As a sub note is the ridge on top of the buchaille likely to have firm snow good for cramponing right now?

Thanks,
Stevo
 lps 22 Jan 2010
In reply to CurlyStevo:
yes it's easy. no technical or steep terrain from what i remember, just a big snow slope.
 sutty 22 Jan 2010
 don macb 22 Jan 2010
In reply to CurlyStevo:
but it can have a steeper section on the end...

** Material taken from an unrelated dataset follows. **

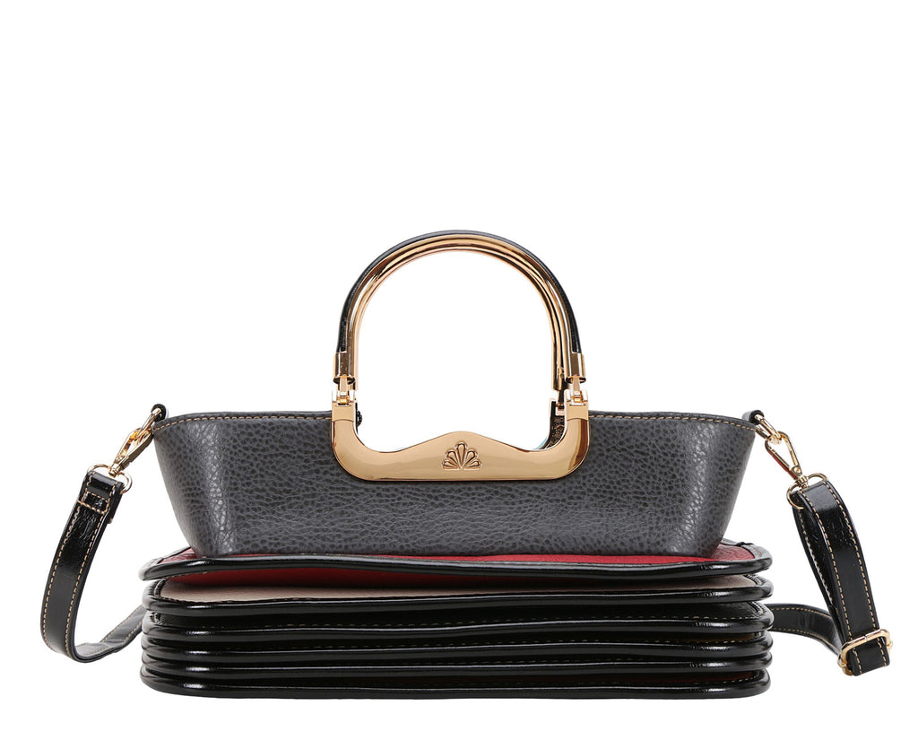 This handbag features a striking stacked-layer design that sets it apart as a bold fashion statement. Its unique structure combines multiple panel layers with a sleek silhouette, making it both functional and eye-catching. The polished metal top handle adds a touch of sophistication while offering a sturdy grip, complemented by a detachable strap for versatile styling options.

more like it *does* have a steeper section at the end. i was there with a winter novice in march and she was gibbering at the prospect of getting up and down the back wall of the corrie...

 Sean Bell 22 Jan 2010
In reply to CurlyStevo: Im not sure what the weather has been doing over the past couple of weeks bu I went up Tulaich on Friday 8th Jan, the going was good, with most snow scoured away, still some little pockets of wind slab but avoidable.I went straight up the well trodden path straight to the lip of the coire, there were a couple of icy steps (one step up) which may not be the best for novice walkers but they were steady and also avoidable, I watched a skills party going up the easier angled slope to the right, this is just before hitting the scree slope.This may be an option depending on conditions (?) but as I say Steve, Ive not been up recently so it will be way different with all the thawing going on.Take it easy, cheers.
 lps 22 Jan 2010
In reply to CurlyStevo:
i was commenting on the north ridge by the way, no the corrie!!
OP CurlyStevo 22 Jan 2010
Thanks for the info
 Sean Kelly 22 Jan 2010
In reply to CurlyStevo: The main problem with the Coire is with possible cornice collapse onto loaded lower slopes, any avalanche triggered will be constricted by the narrow part of the approach and set like concrete. The top is indeed steep (try reversing this after climbing some other route to the summit!) and I have turned back from these slopes when assessing the snow as having a high avalanche risk. There have been a number of fatal accidents here in recent years precisely because of this. If at all worried about the snow, then carry on up the valley to the R and ascend the big coire behind the Buchallie (not got a map to hand so can't be more precise).
 Jamie B 22 Jan 2010
In reply to CurlyStevo:

Do you have to go to Buachaille Etive Mhor? Any ascent of of the Coire na Tulaich side of the hill will have steep ground, including the ridge. I rarely use it with novices; Buachaille Etive Beag is a far better bet for me.
 Bob Aitken 22 Jan 2010
In reply to CurlyStevo: For years past, summer and winter, I've used the west ridge of Coire na Tulaich in descent rather than come down the corrie. So I was mildy gratified to see it advised as an alternative descent when snow conditions in the corrie head are doubtful by the SMC's 'Scottish Winter Climbs' (2008, p66). You'd want to make absolutely sure you hit off the ridge if visibility is poor, and there are crags on either side to be wary of, but the ridge itself is a walk and the avalanche risk is liable to be far lower. I'm surprised that more climbers don't go that way, but maybe they know something I don't ...
 Erik B 23 Jan 2010
In reply to CurlyStevo: head to the col and keep going, to the next high point. this bits tricky as the slopes just past the highpoint can be very loaded as well. try and keep to the outcrops down the ridge then take a diagonal shelf on the right looking down into coire tulaich. be careful not to just keep going straight down the ridge as there are a number of bad slopes depending on snowline
 Simon Caldwell 23 Jan 2010
In reply to CurlyStevo:
It's a bit further (and too late for today anyway!) but I've used Coire Cloiche Finne as an alternative to the usual approach, arrives at the same col but from the Glen Etive side. Depending on conditions (obviously) can be less avalanche prone, and the headwall isn't as steep.
OP CurlyStevo 23 Jan 2010
In reply to CurlyStevo:
Fortunately nearly all the snow on the hill was very well bonded and we went up coire na tulaich. It was also in very easy nick with nothing daunting if you went up to the right near the end.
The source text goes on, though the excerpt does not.